Generating and recycling energy at a local level would also have a huge benefit to local people in a way that the Big Six just can’t achieve. Local authorities would be able to provide cheaper energy directly to their residents, which should take advantage of local resources in the process. Communities would also become much more directly involved in the energy market by working with local authorities through energy co-operatives for instance, to capture and recycle energy to use themselves and sell back to councils for cheaper redistribution locally. Giving this power directly to communities would both incentivise behaviour change locally whilst helping to reduce the cost of living.

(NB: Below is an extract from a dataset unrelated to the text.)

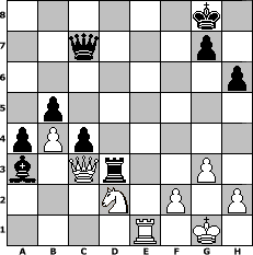 Partie-Notation im PGN-Format [Event "Godzilla Mannschaftsturnier 2013"] [Site "www.mySchach.de"] [Date "2013.08.15"] [Round "1"] [Board "5"] [White "Schefsche"] [Black "Wulfen49"] [ECO "C02"] [WhitemyELO "1453"] [BlackmyELO "1283"] [Result "0-1"] [TimeControl "10/3456000"] [WhiteDays "37"] [BlackDays "40"] [MySchachNr "89740"] 1. e4 e6 2. d4 d5 3. e5 c5 4. Bb5+ Bd7 5. Bxd7+ Nxd7 6. Nf3 Ne7 7. Bg5 h6 8. Bxe7 Bxe7 9. O-O O-O 10. c3 c4 11. b3 b5 12. b4 a5 13. a3 a4 14. Nbd2 f6 15. exf6 Bxf6 16. g3 Qc7 17. Qe2 Rae8 18. Rae1 e5 19. Qd1 e4 20. Ne5 Nxe5 21. dxe5 Bxe5 22. Re3 d4 23. cxd4 Bxd4 24. Rxe4 Bb2 25. Rxe8 Rxe8 26. Re1 Rd8 27. Qc2 Bxa3 28. Qc3 Rd3 0-1 Stellungs-Notation im FEN-Format 6k1/2q3p1/7p/1p6/pPp5/b1Qr2P1/3N1P1P/4R1K1 - - - 2 29 Geschlagene Figuren Weiss: Geschlagene Figuren Schwarz: Klicken Sie auf eine geschlagene Figur um den gewünschten Zug darzustellen!

Some will question why councils should return to energy. Why not instead partner with energy suppliers and set up joint ventures to distribute cheaper energy? The problem is that attracting this sort of investment is a real challenge. Local authorities have the financial muscle to invest in this sort of infrastructure development that could accelerate projects quickly, whilst linking it to economic growth strategies.

But the real answer to this question lies with community ownership of resources, which would transform how councils and residents interact with the energy market. Given the current direction of energy bills and how powerless people feel to control it, recycling and generating energy using local resources will become more, not less important, in addressing this problem. Behavioural change will only come alongside ownership of these resources and local authorities, as guardians of localities, are ideally placed to lead this.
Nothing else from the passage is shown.